Re: const-correctness loopholes
Il 16/04/2011 12.21, Kai-Uwe Bux ha scritto:
noir wrote:
Unfortunately, this makes copying impossible for all objects, const or not:
template< typename T>
class const_correct_ptr {
typedef T* pointer;
typedef T& reference;
typedef T const * const_pointer;
typedef T const& const_reference;
pointer the_ptr;
const_pointer getThePointer() const { return the_ptr; }
pointer getThePointer() { return the_ptr; }
public:
const_correct_ptr ( const_correct_ptr const& other )
: the_ptr( other.getThePointer() )
{}
const_correct_ptr ( pointer ptr = 0 )
: the_ptr ( ptr )
{}
pointer operator-> ( void ) {
return ( the_ptr );
}
const_pointer operator-> ( void ) const {
return ( the_ptr );
}
reference operator* ( void ) {
return ( *the_ptr );
}
const_reference operator* ( void ) const {
return ( *the_ptr );
}
};
typedef const_correct_ptr< int> int_ptr;
int main ( void ) {
{
int_ptr p1 ( new int ( 5 ) );
int_ptr p2 ( p1 ); // fails to compile
int_ptr const p3 ( p1 ); // fails to compile
}
{
int_ptr const p1 ( new int ( 5 ) );
int_ptr const p2 ( p1 ); // fails to compile
int_ptr p3 ( p1 ); // this is the only line that _should_
// not compile.
}
}
Equivalently, you could just declare the copy-constructor of
const_correct_ptr<> private.
Of course, is also means that any class containing a const_correct_ptr<>
member is not copy-constructible.
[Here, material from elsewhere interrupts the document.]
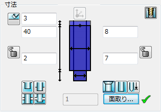 をクリックして、孔の面取り ダイアログを表示します。

Often, this is not acceptable.
I see. I can pass some of your tests using a copy constructor that takes
a non-const reference
const_correct_ptr ( const_correct_ptr& other )
: the_ptr( other.getThePointer() )
{}
but then it fails to:
int_ptr const p1 ( new int ( 5 ) );
int_ptr const p2 ( p1 ); // fails to compile
Anyway, this is starting to look too much like a std::auto_ptr
implementation, and my head still hurts from the last time I studied it :)
Thanks,
noir